PEPM’14: The HERMIT in the Stream
POPL is almost upon us! I’ll be live-Tumblr-ing it when the conference comes upon us proper, but in the meantime, I thought I’d write a little bit about one paper in the colocated PEPM'14 program: The HERMIT in the Stream, by Andrew Farmer, Christian Höner zu Sierdissen and Andy Gill. This paper presents an implementation of an optimization scheme for fusing away use of the concatMap combinator in the stream fusion framework, which was developed using the HERMIT optimization framework. The HERMIT project has been chugging along for some time now, and a stream of papers of various applications of the framework have been trickling out (as anyone who was at the Haskell implementors workshop can attest.)
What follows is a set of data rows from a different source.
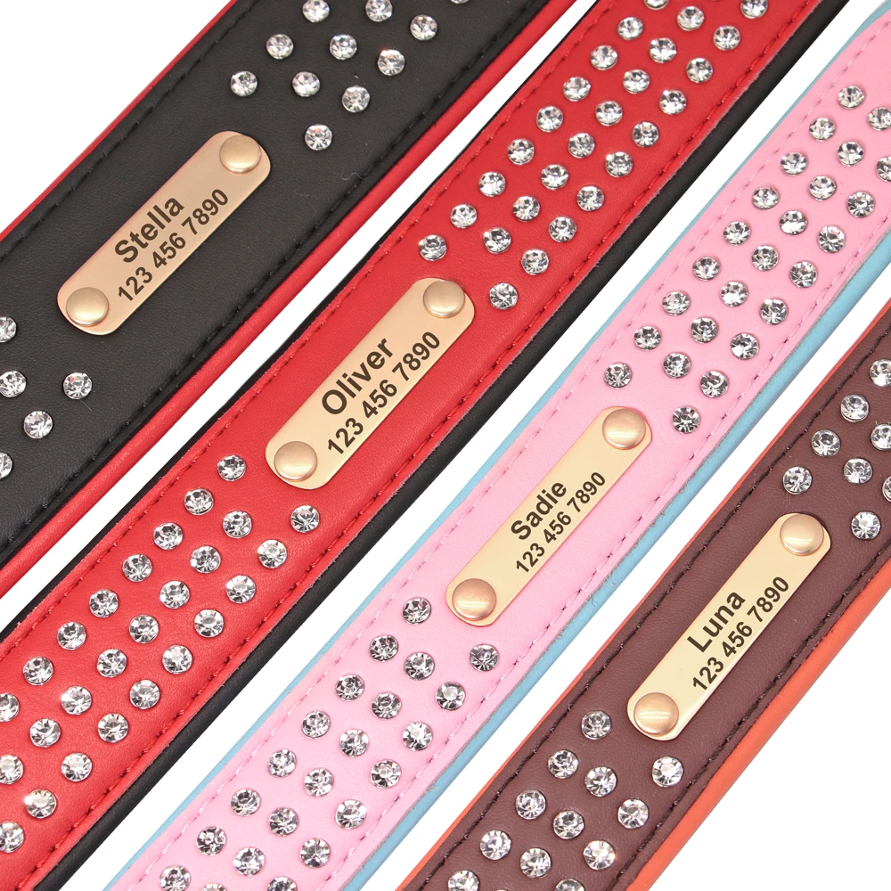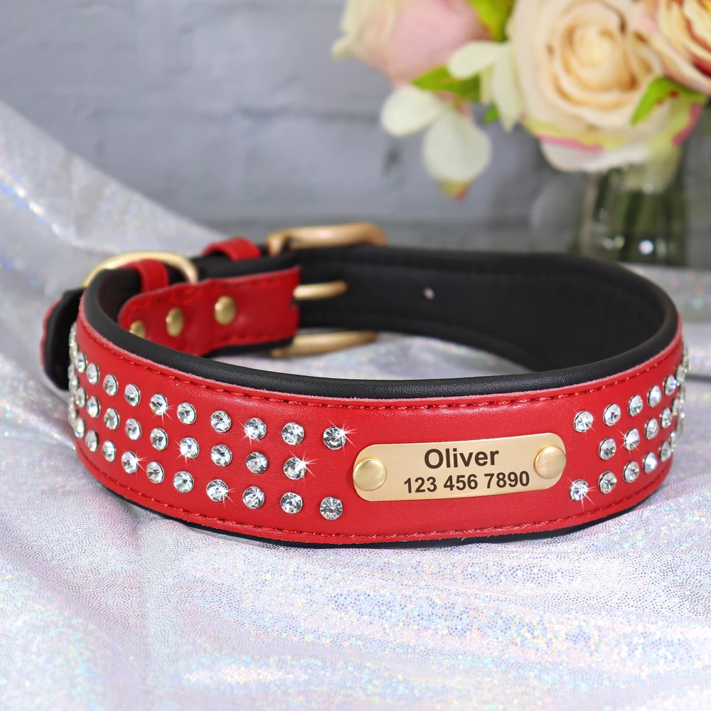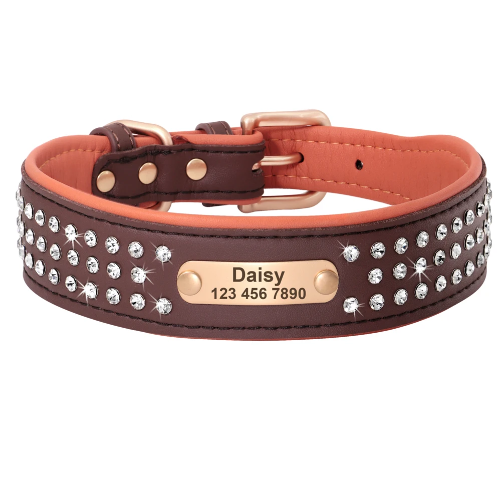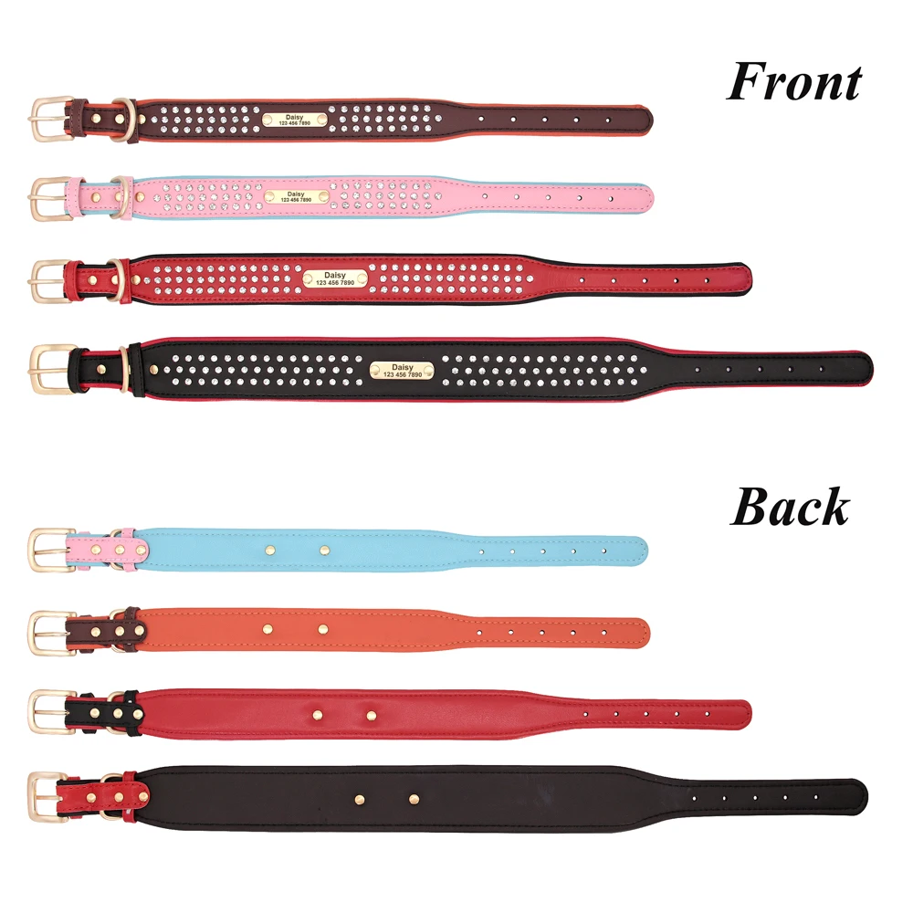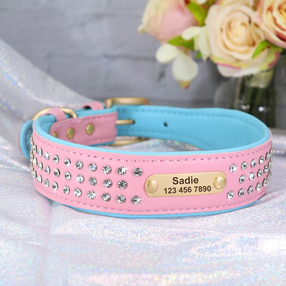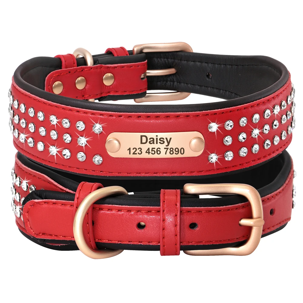 Custom Leather Dog Collar Bling Rhinestone Big Dog Collars Soft Padded Pet Necklace With Engraved ID Tag For Medium Large Dogs
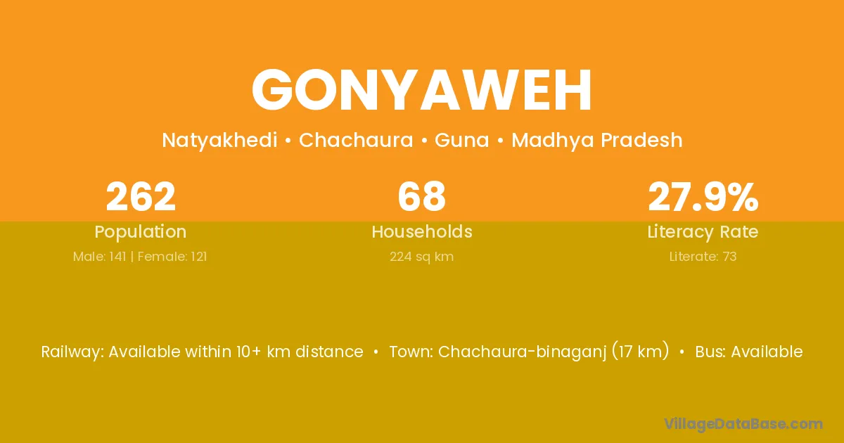 Chachaura-binaganj (17 km) is the nearest town to Gonyaweh village for major economic activities and is located approximately 17 km away.
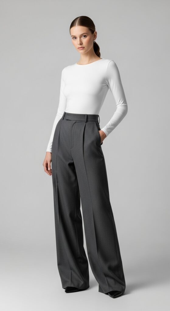 A fitted bodysuit in any style, square neck, scoop neck, or mock neck, creates that perfect smooth foundation. The trousers then flow from your waist without any fabric bunching or awkward lumps. Add a blazer or cardigan for layering, or let the bodysuit shine solo. This is one of those looks that works for literally any body type because of how sleek it sits.
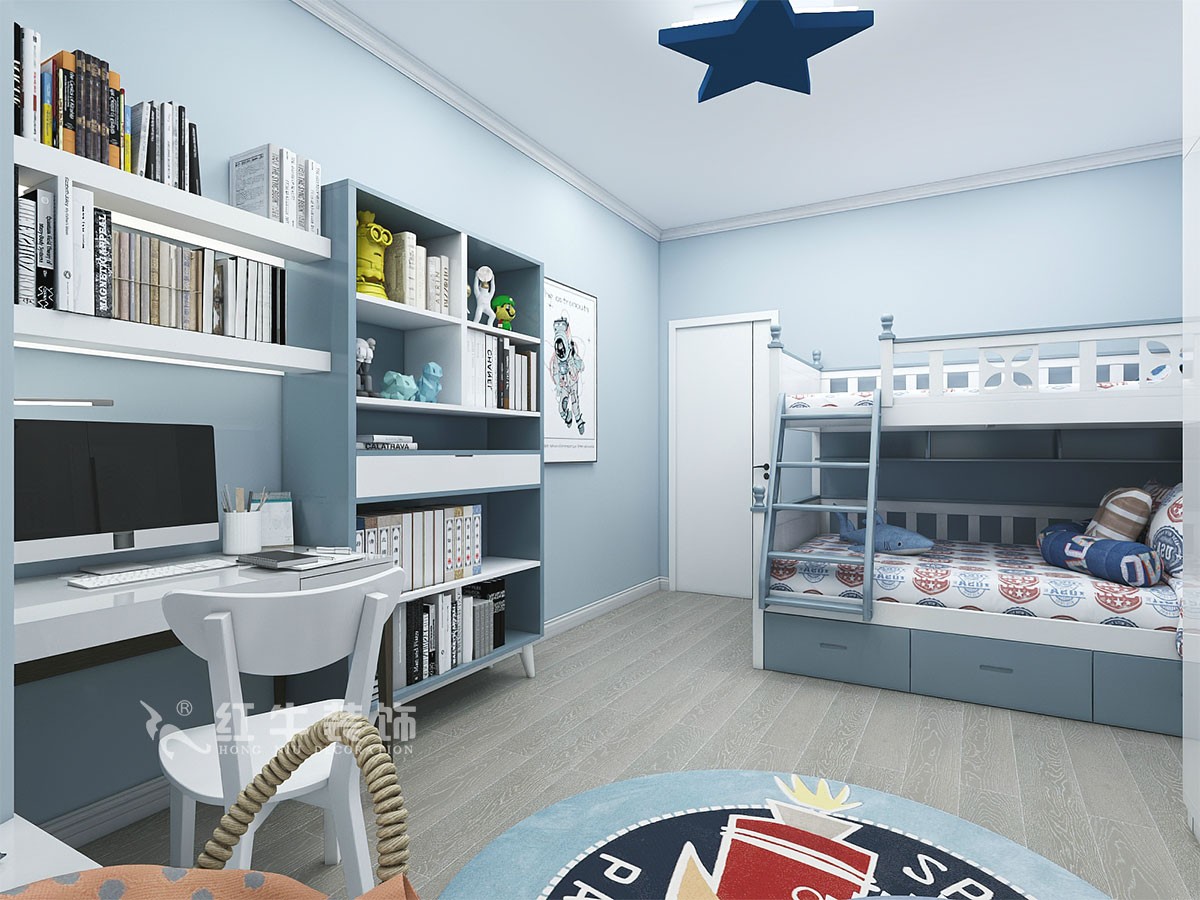 小男生的居住空間需開放活波,上下床搭配全屋定制衣柜和書桌,后期都可根據(jù)自己的喜好來改善和配置,在此空間內(nèi)采用了調(diào)色的處理,淡藍色的背景較安逸。

“But wait,” you may ask, “don’t we already have stream fusion?” You’d be right: but while stream fusion is available as a library, it has not replaced the default fusion system that ships with GHC: foldr/build fusion. What makes fusion scheme good? One important metric is the number of list combinators it supports. Stream fusion nearly dominates foldr/build fusion, except for the case of concatMap, a problem which has resisted resolution for seven years and has prevented GHC from switching to using stream fusion as its default.
As it turns out, we’ve known how to optimize concatMap for a long time; Duncan Coutts gave a basic outline in his thesis. The primary contribution of this paper was a prototype implementation of this optimization, including an elucidation of the important technical details (increasing the applicability of the original rule, necessary modifications to the simplifier, and rules for desugaring list comprehensions). The paper also offers some microbenchmarks and real world benchmarks arguing for the importance of optimizing concatMap.
I was glad to see this paper, since it is an important milestone on the way to replacing foldr/build fusion with stream fusion in the GHC standard libraries. It also seems the development of this optimization was greatly assisted by the use HERMIT, which seems like a good validation for HERMIT (though the paper does not go into very much detail about how HERMIT assisted in the process of developing this optimization).
There is something slightly unsatisfying with the optimization as stated in the paper, which can be best articulated by considering the paper from the perspective of a prospective implementor of stream fusion. She has two choices:
- She can try to use the HERMIT system directly. However, HERMIT induces a 5-20x compilation slowdown, which is quite discouraging for real use. This slowdown is probably not fundamental, and will be erased in due time, but that is certainly not the case today. The limited implementation of stream fusion in the prototype (they don’t implement all of the combinators, just enough so they could run their numbers) also recommends against direct use of the system.
- She can directly incorporate the rules as stated into a compiler. This would require special-case code to apply the non-semantics preserving simplifications only to streams, and essentially would require a reimplementation of the system, with the guidance offered by this paper. But this special-case code is of limited applicability beyond its utility for concatMap, which is a negative mark.
So, it seems, at least from the perspective of an average GHC user, we will have to wait a bit longer before stream fusion is in our hands. Still, I agree that the microbenchmarks and ADPFusion case study show the viability of the approach, and the general principle of the novel simplification rules seems reasonable, if a little ad hoc.
One note if you’re reading the nofib performance section: the experiment was done comparing their system to foldr/build, so the delta is mostly indicative of the benefit of stream fusion (in the text, they point out which benchmarks benefitted the most from concatMap fusion). Regardless, it’s a pretty cool paper: check it out!